Scoring is the same as in full size skittles. The foremost pin doubles the number of points. If three are hit in a row, they count as nine. If all the skittles fall, it is a 'sow' (Sau) and scores 36 points. If only the innermost one remains, it is a 'little wreath' (Kranzl) and scores 24 points.

=== Variants ===
- Schanzeln: Three spins per player, points are added.
- Abräumen ("sweeping off"): Three spins, with no repositioning between spins. If there is a tie for most, there is a playoff. The next round begins with fresh stakes and all players (not just those who came first) can play again. This goes on until there is a winner.

=== Tournaments ===
Tournaments are held regularly and runs as follows: there is a Stand in which 5 spins may be played (with or without money). The points are added up. Three trial spins are allowed before each new game. If the player likes the trial spin, he can count this as the first game and waive the rest. The three best Stands are added up. The winner is one with the most points over three best Stands. A special feature is the writing down (owischreibe).

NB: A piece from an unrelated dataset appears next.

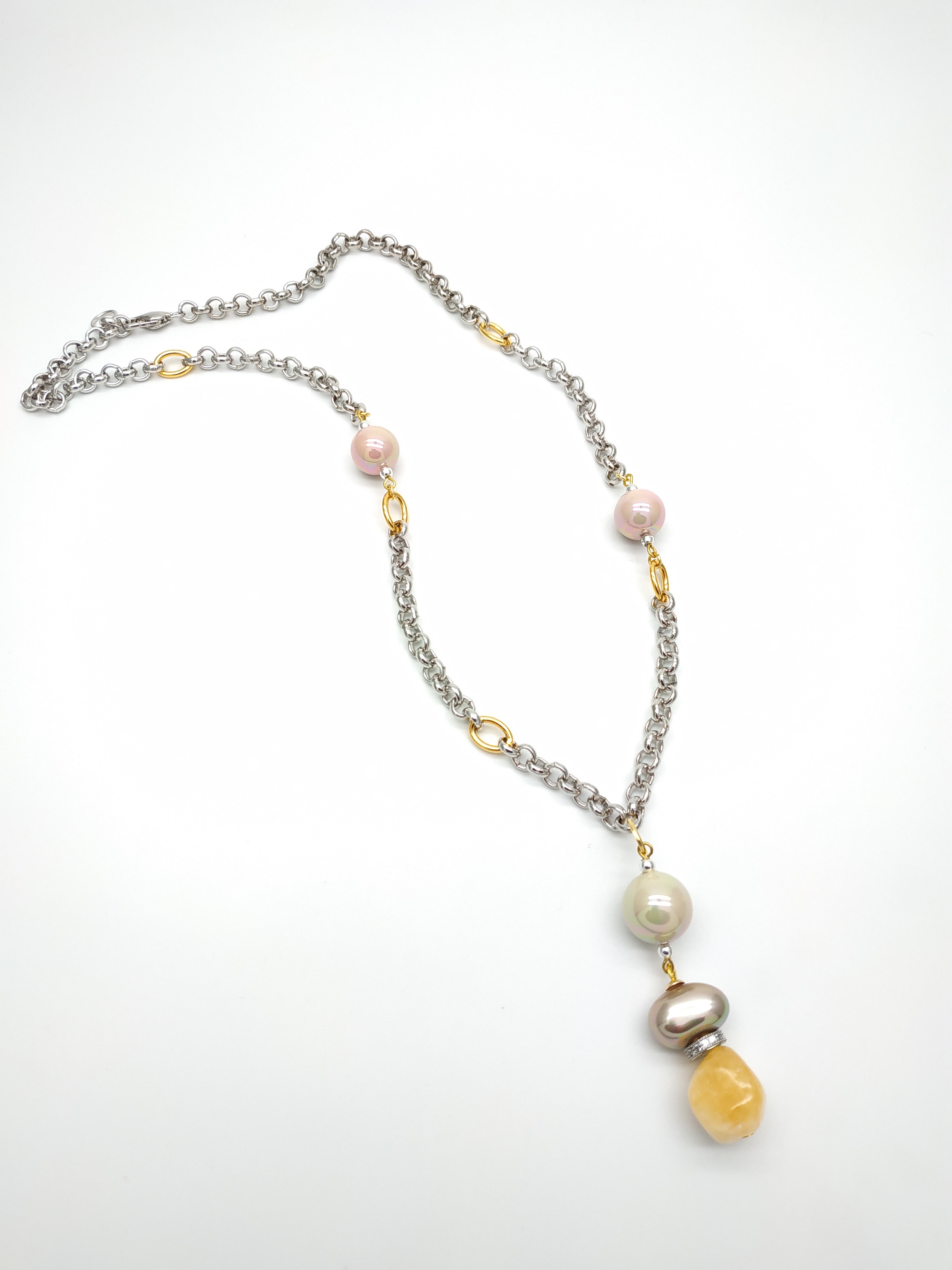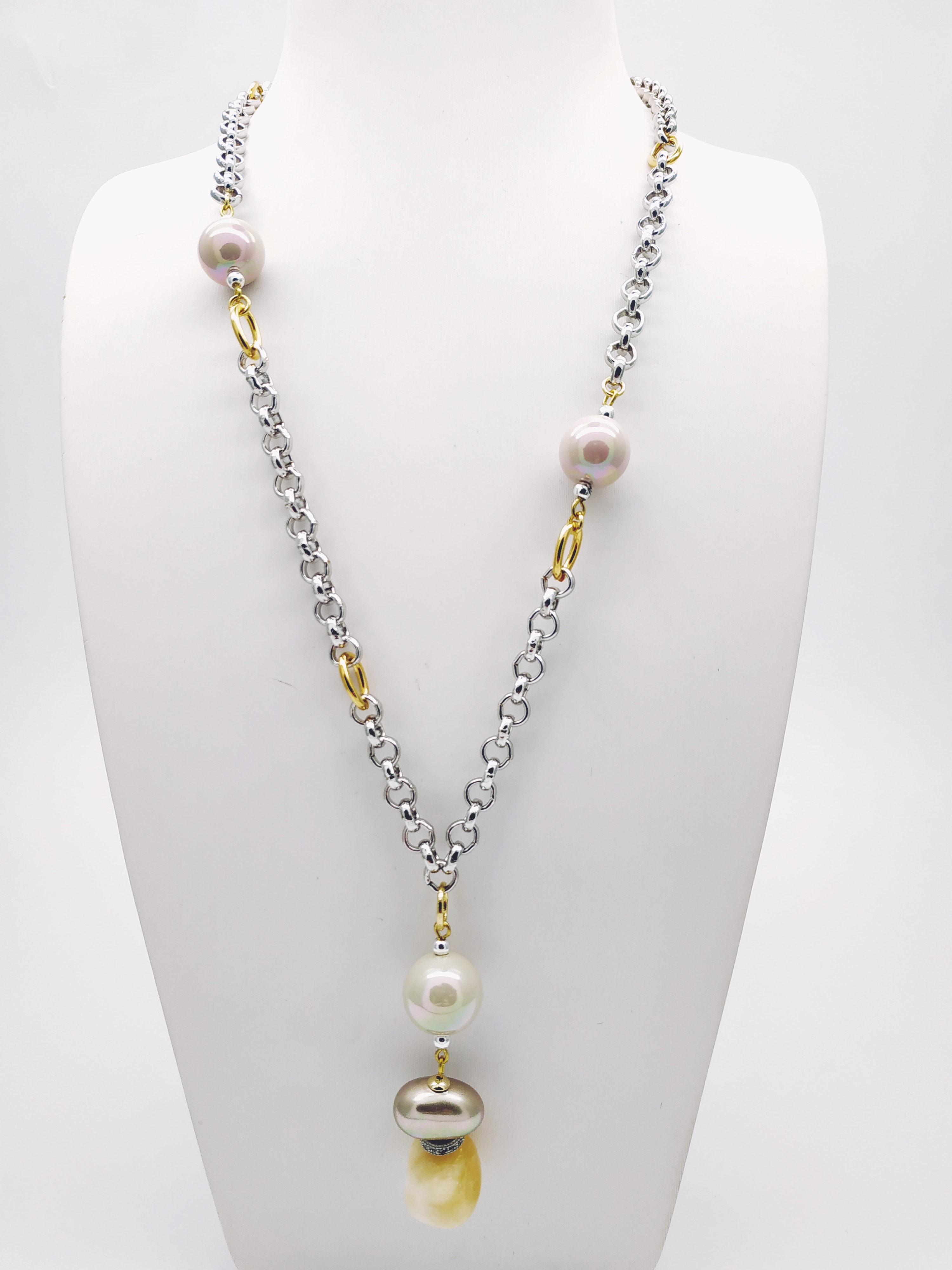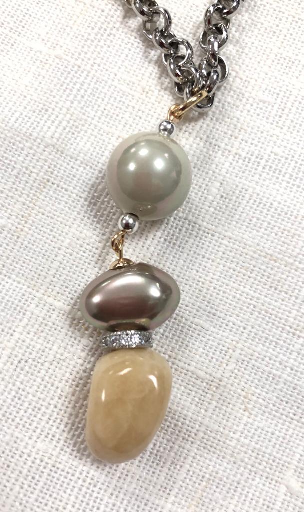 Длина колье 54см,ширина5мм. Жемчуг Майорка 12;14мм, солнечный камень15мм.

If you are playing a Stand and have made a particularly good spin, you can abandon the current Stand and start the new Stand with this spin.

=== Cleaning the alley ===
Since some players spin using ashes or chalk to achieve a better grip, for example with wet fingers, the track repeatedly gets dirty. It track is usually cleaned with schnaps (Obstler). You can also use window cleaner, with the disadvantage that the alley sometimes becomes too slick or slippery. The track is then usually cleaned with kitchen roll.

== Garmisch table skittles ==
A regional variation in the area around Garmisch-Partenkirchen (known locally as Werdenfelser Land) is what is known here as Stoßbuddeln (or Stossbuddeln). Using a cue stick the player hits a ball in order to hit as many of the nine pins on a miniature bowling alley as possible.

The first table of this kind was probably the one made around 1940 in a coffee house in Switzerland. This even has a manual resetting facility.